Available data:
________________________

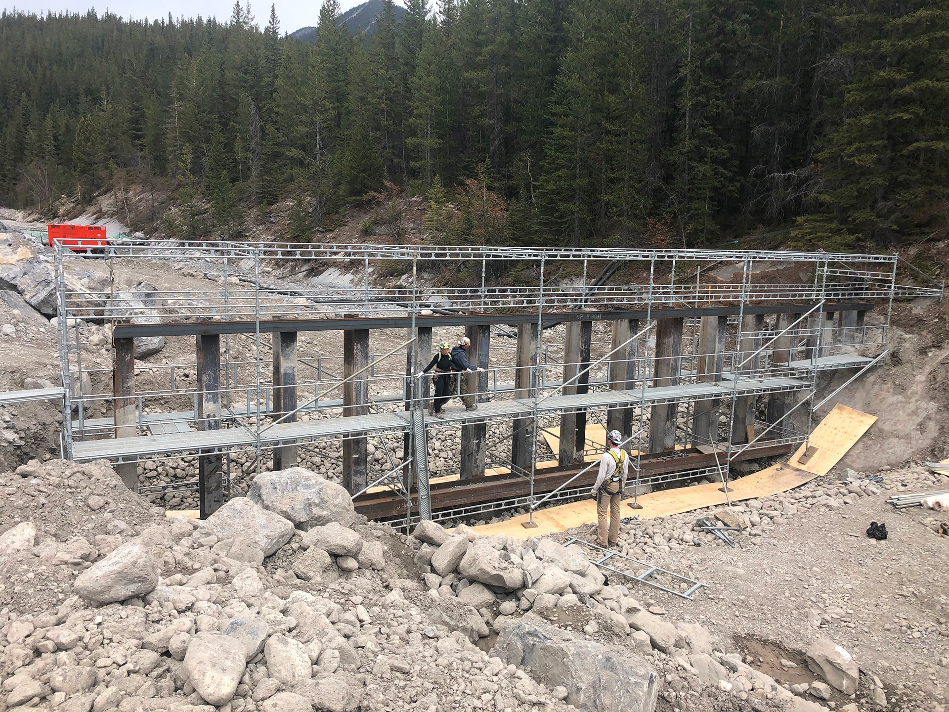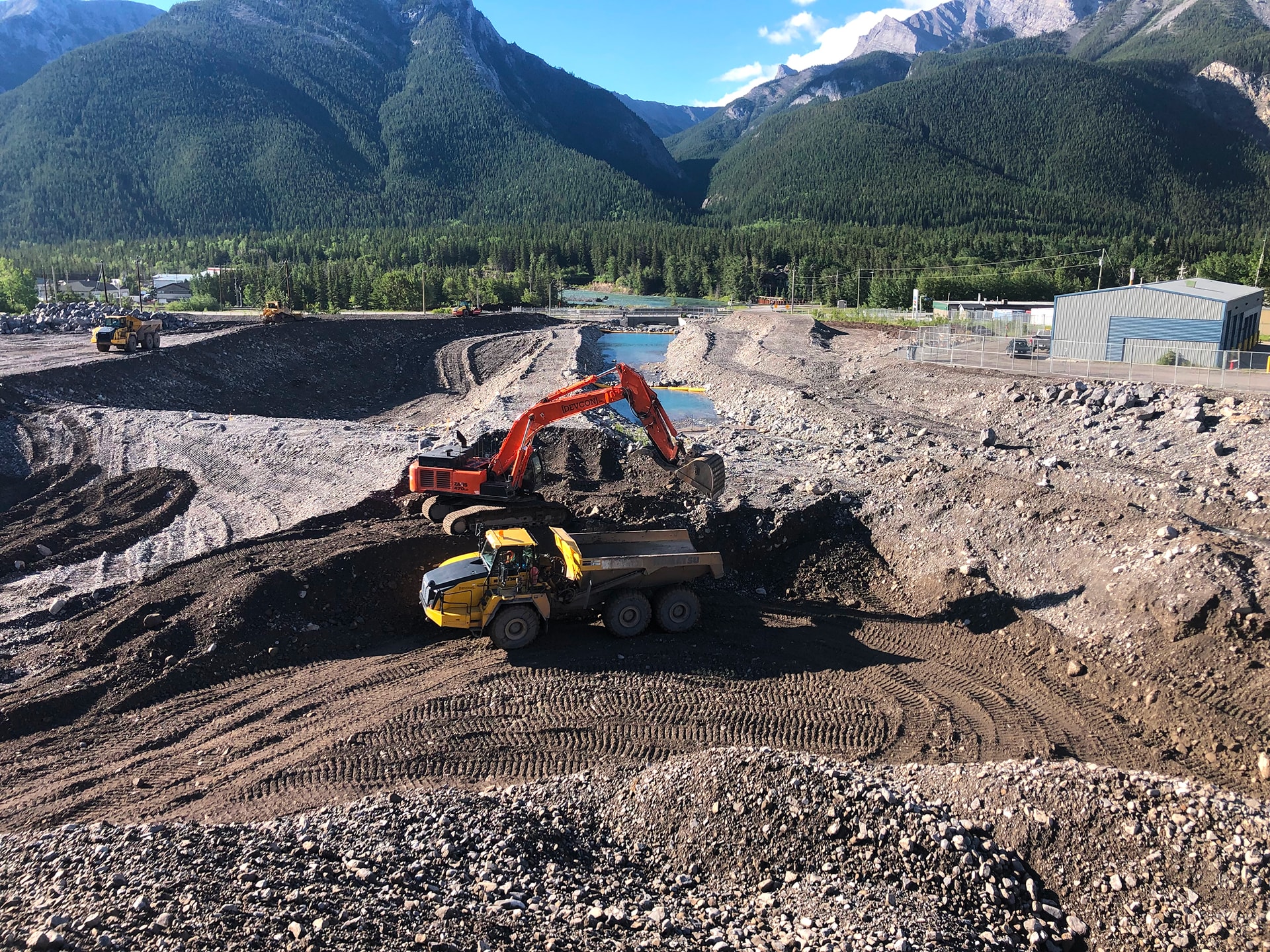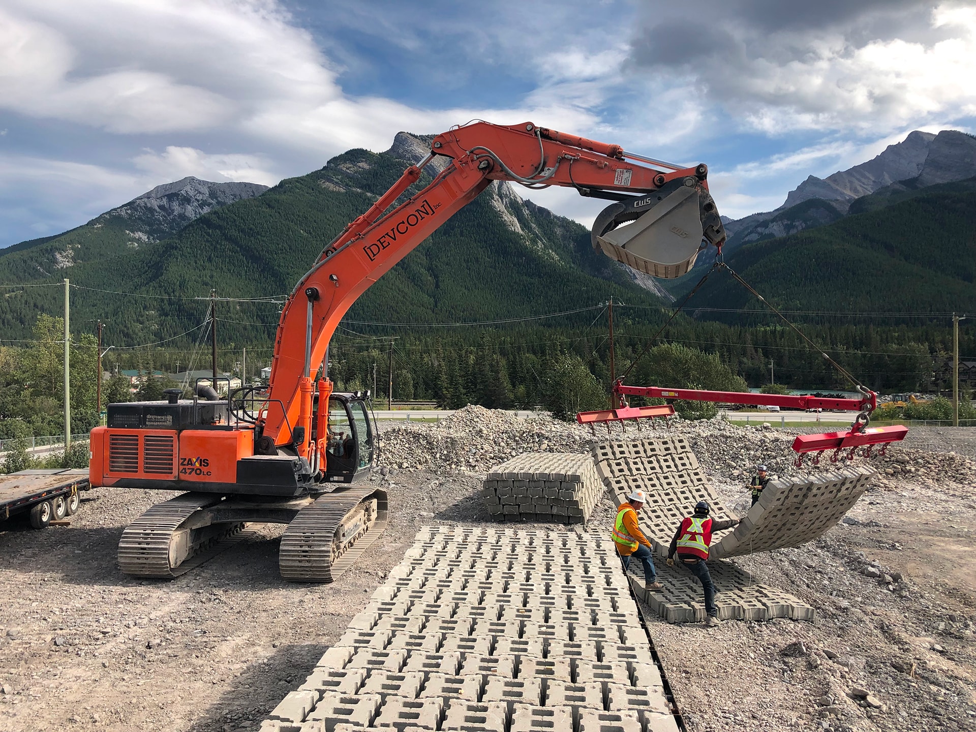 Devcon reinforced the creek banks with heavy riprap armour from the upstream reaches to the Bow River confluence, providing reinforcement for protection against erosion and high-flow events. Crews built a large sediment trap to control sediment and reduce downstream buildup. In high-risk areas—especially beneath channel crossings—they installed articulating concrete mattresses for flexible, durable reinforcement. We upgraded the site infrastructure, redesigning and installing a new pedestrian bridge to ensure safe public access. In addition, crews constructed a debris-retention structure to prevent large materials from blocking the channel or damaging downstream structures during peak flows.
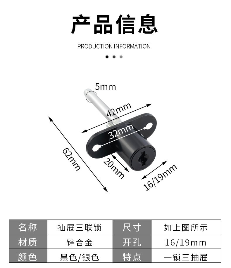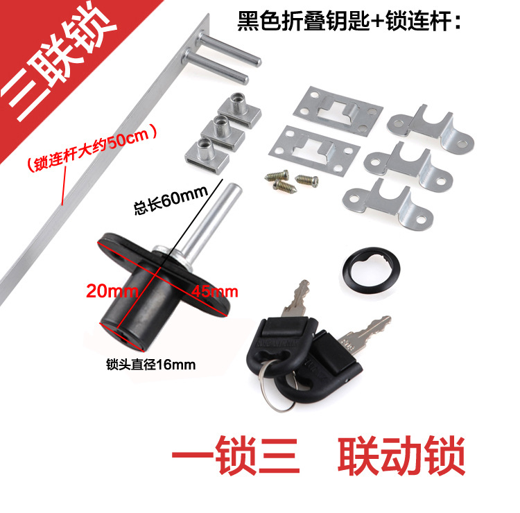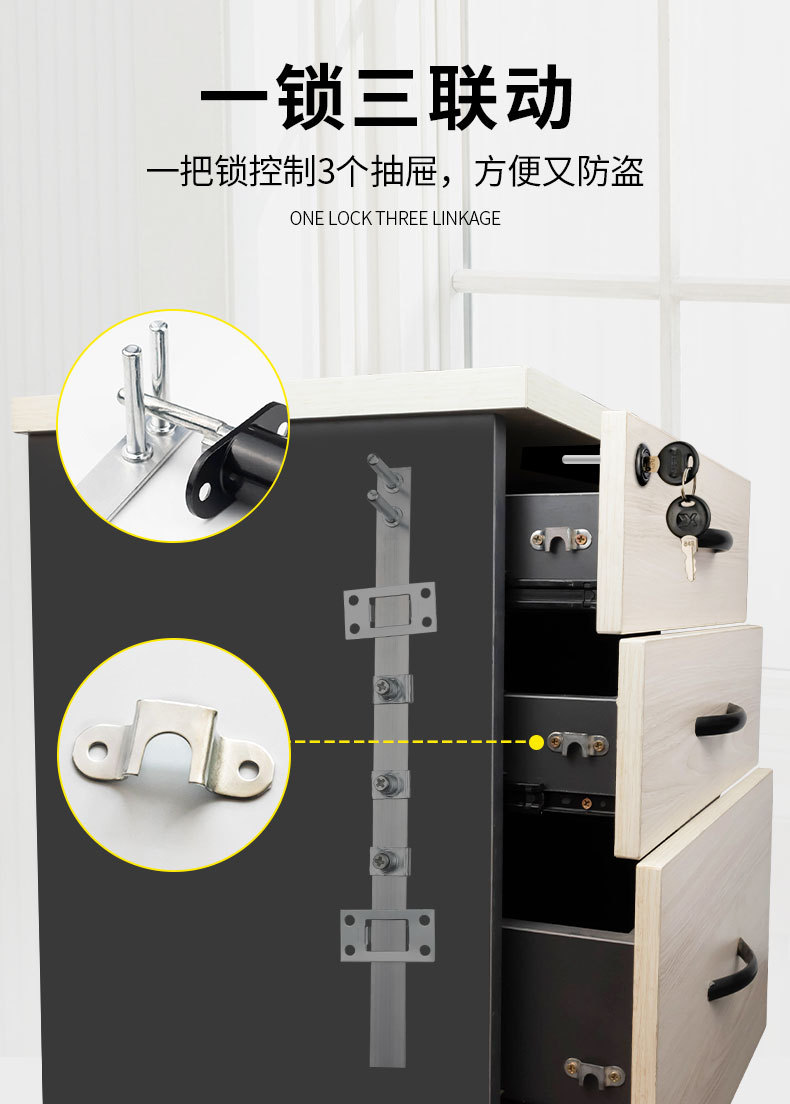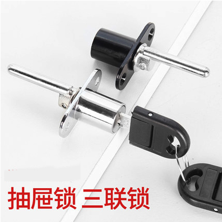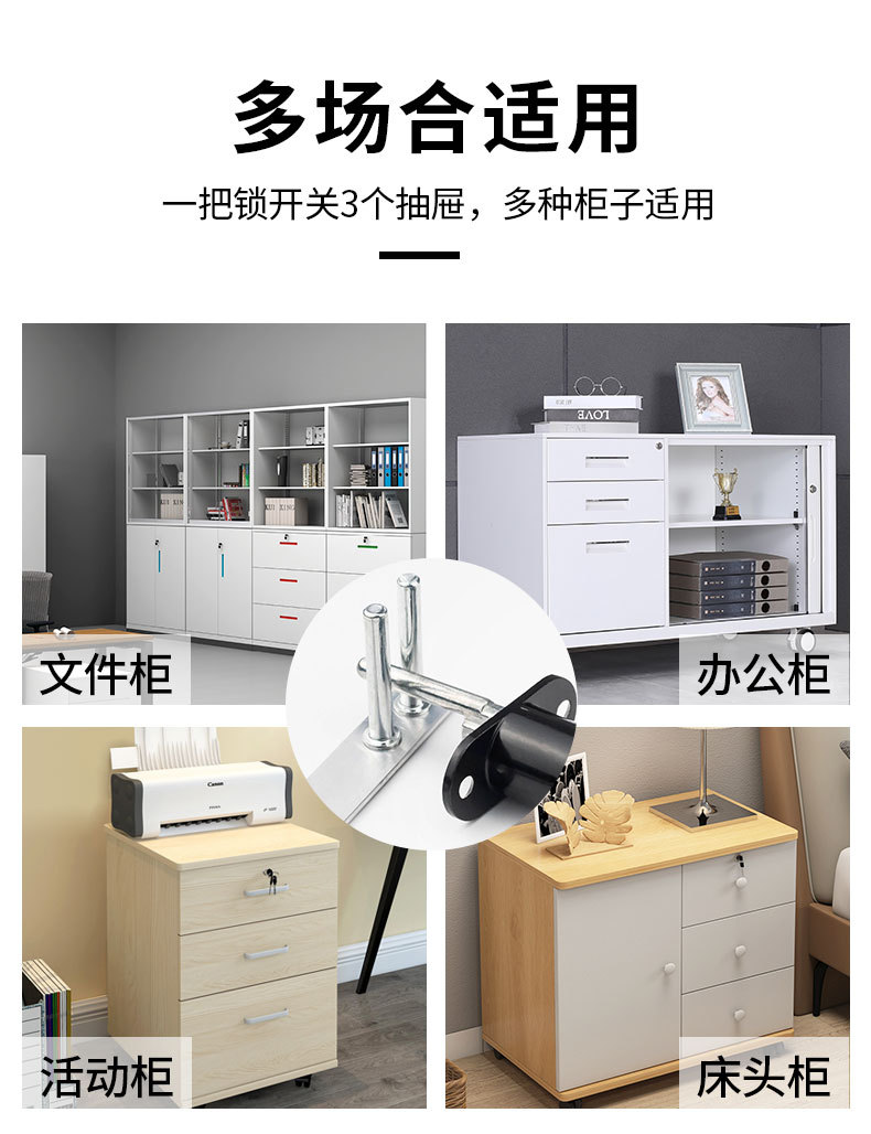 办公桌文件柜锁芯柜门锁三联抽屉锁柜子锁家用家具锁三连锁一锁三
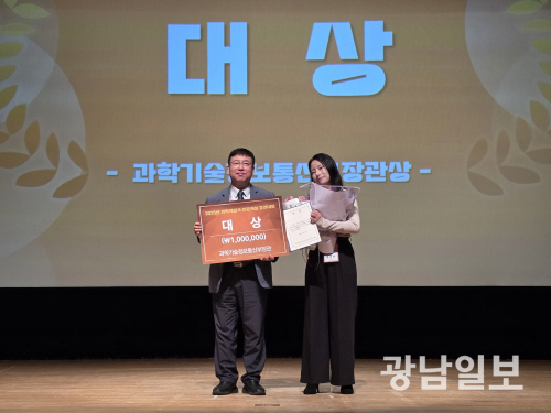 | 국립광주과학관 장유미 과학해설사가 과학기술정보통신부장관상(대상)을 수상 후 기념촬영을 하고 있다 |
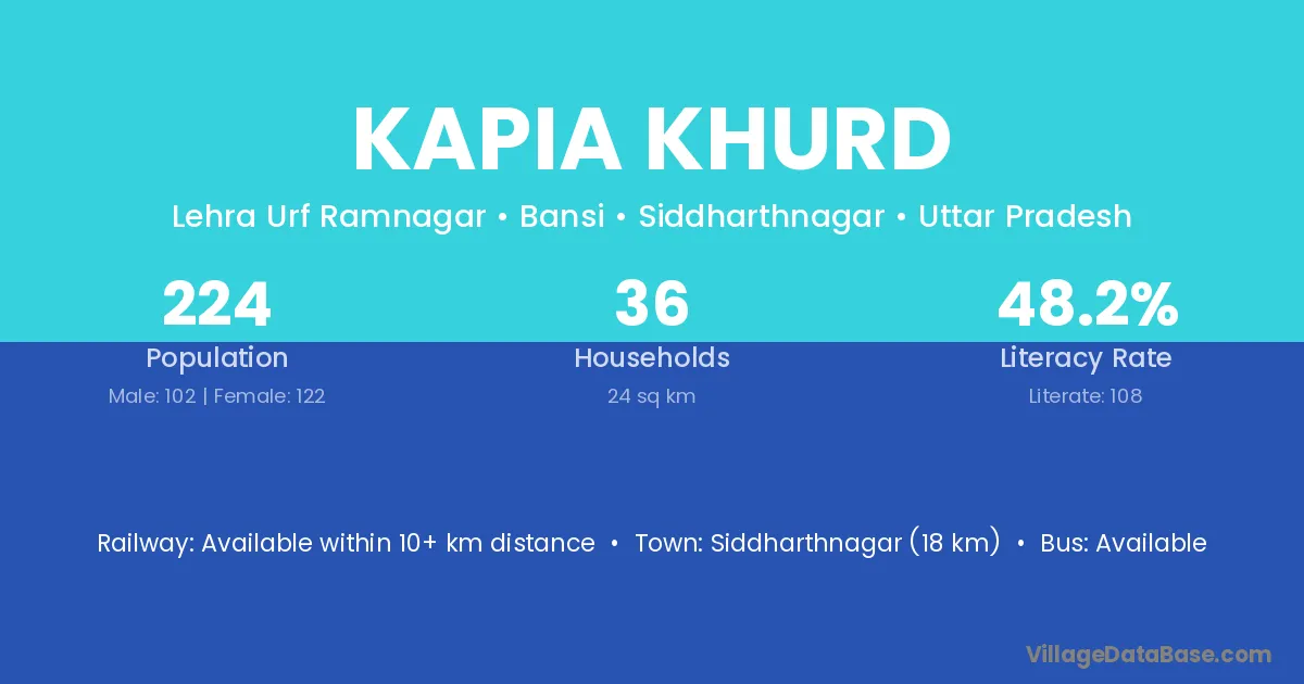 Siddharthnagar (18 km) is the nearest town to Kapia Khurd village for major economic activities and is located approximately 18 km away.

________________________

Every line of the material must be repeated exactly; pictures stay out.

 Devcon reinforced the creek banks with heavy riprap armour from the upstream reaches to the Bow River confluence, providing reinforcement for protection against erosion and high-flow events. Crews built a large sediment trap to control sediment and reduce downstream buildup. In high-risk areas—especially beneath channel crossings—they installed articulating concrete mattresses for flexible, durable reinforcement. We upgraded the site infrastructure, redesigning and installing a new pedestrian bridge to ensure safe public access. In addition, crews constructed a debris-retention structure to prevent large materials from blocking the channel or damaging downstream structures during peak flows.
 办公桌文件柜锁芯柜门锁三联抽屉锁柜子锁家用家具锁三连锁一锁三
 | 국립광주과학관 장유미 과학해설사가 과학기술정보통신부장관상(대상)을 수상 후 기념촬영을 하고 있다 |
 Siddharthnagar (18 km) is the nearest town to Kapia Khurd village for major economic activities and is located approximately 18 km away.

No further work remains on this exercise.